# Fast convolutions (II)

I will analyze the algorithmic complexity of the convolution algorithms described in my previous posts.

To make things simpler, let’s assume that the dimensions of the image are `>=`

the dimensions of the convolution kernel, and that both are square, with dimensions `S·S`

and `s·s`

, respectively.

## Naive algorithm - O(n^4)

*“wxh operations for each of the W·H image pixels”.*

*i.e.,* `S·S·s·s`

operations. This is quadratic with a heavy constant for tiny kernels, but quickly becomes quartic for medium-to-large kernels.

The auxiliary buffer can be identical in size and bit-depth to the original image. So the memory usage factor is 2x.

## Separable convolution - O(n^3)

*“One 1D convolution for each row + One 1D convolution for each column”.*

*i.e.,* `2·S·S·s`

operations. This is quadratic with a bad constant for small kernels, but becomes cubic for large kernels.

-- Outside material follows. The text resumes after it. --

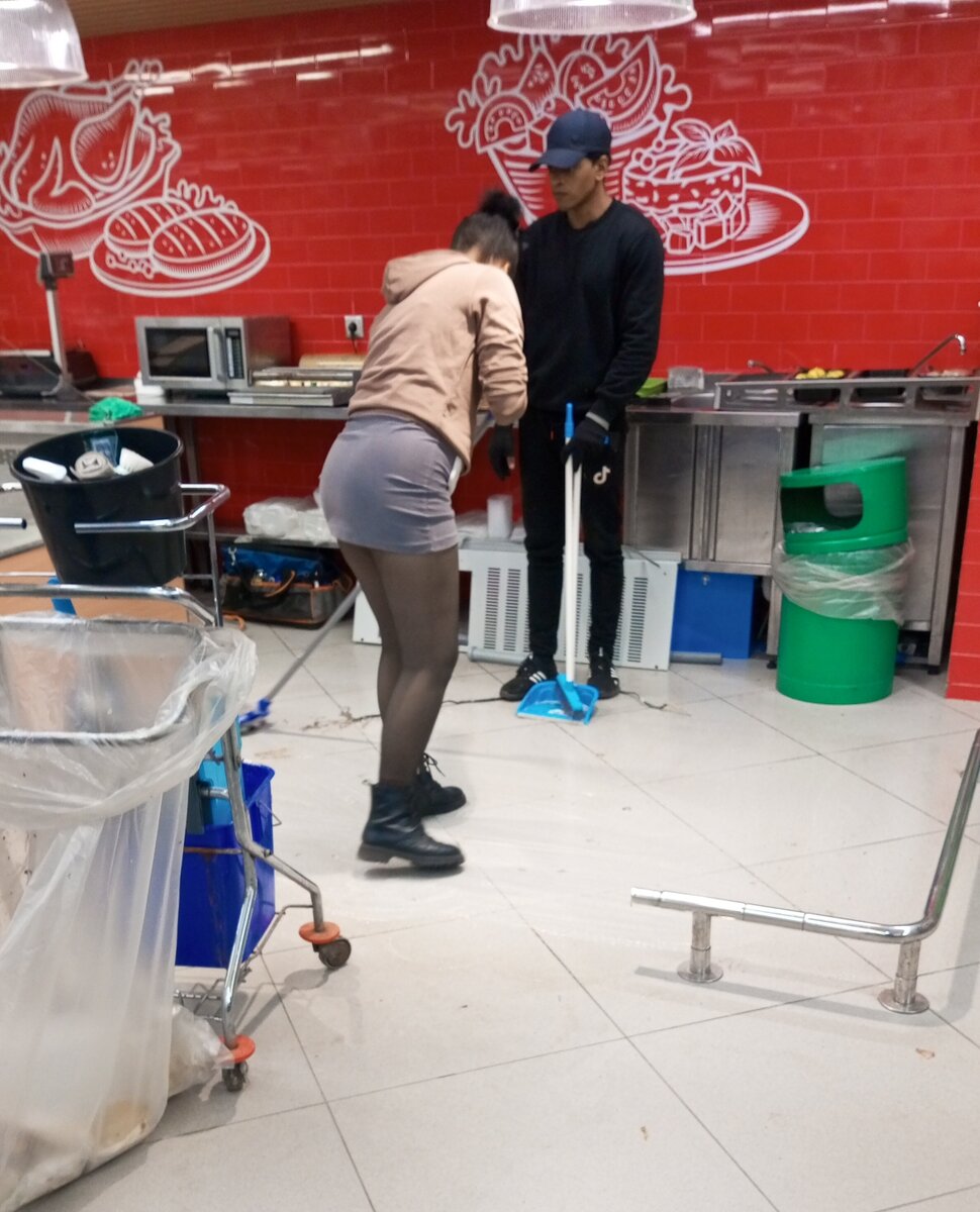 У нас в супермаркете уборщиками работают кубинцы. Два грузчика Фернандо, Рауль и девушка Алиса. Интересные персонажи. Всё время бормочат по-испански и им сложно объяснить, что ты от них хочешь. Алиса это вообще аут! Она работает со шваброй, будто ходит по берегу Карибского моря. А одевается она так, словно пришла в ночной клуб. Знаете, такой деревенский клуб. То она в розовых лосинах и больших пластмассовых очках на пол лица. То она вся в белом, будто свадебное платье. То в мини юбке. Многие покупатели начали к ней приставать. Недавно один мужик с ней заговорил по-английски, хотел куда-то пригласить. После этого директриса захотела заставить всех молодых сотрудниц ходить в мини юбках. На Алису бесполезно орать и делать замечания, она только улыбается в ответ. Ей пофиг на все. Ты можешь встретиться с ней в узком коридоре, у тебя в руках будет коробка, но она не уступит дорогу. Я не удивлюсь, если однажды прийду в раздевалку, а там на полу белый песок, Фернандо и Рауль с бутылкой рома с

Remarkably, the total running time depends on the dimensions of the image -and- the dimensions of the kernel.

Again, the auxiliary buffer can be identical in size and bit-depth to the original image. So the memory usage factor is 2x.

## Convolution theorem - O(n^2·log(n))

*“Two FFTs + One point-wise product + One IFFT”.*

Let’s call `S’`

to the closest power-of-2 such that `S’>=S`

. Then a proper implementation of the FFT/IFFT does (approx.) `2·S’·S’·log(S)`

operations, while the point-wise product does `S’·S’`

operations. This makes the algorithm `O(S’·S’·log(S’))`

with some heavy (quadratic) overhead due to the memory copying, padding, and the point-wise product.

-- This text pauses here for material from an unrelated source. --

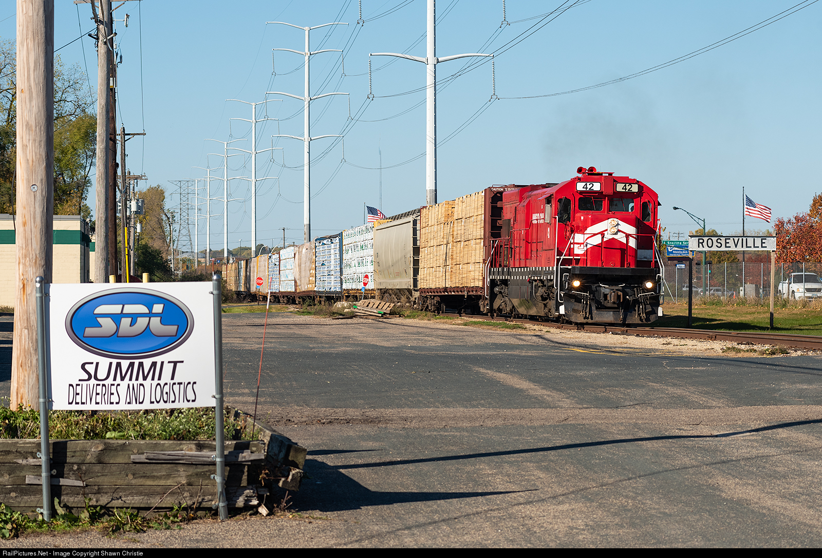 MNNR 42 brings the Hugo job north through Roseville.

Remarkably, the total running time is independent of the size of the kernel.

This algorithm is quite memory hungry, though, because two `S’·S’`

complex-number buffers are required. This means two floating-point numbers per entry (*i.e.,* the real/imaginary coefficients). The algorithm starts by copying the image/kernel to the real part of the corresponding complex-number buffer, leaving the imaginary coefficient and the surface excess filled with zeroes. Then the FFTs/product/IFFT happen in-place.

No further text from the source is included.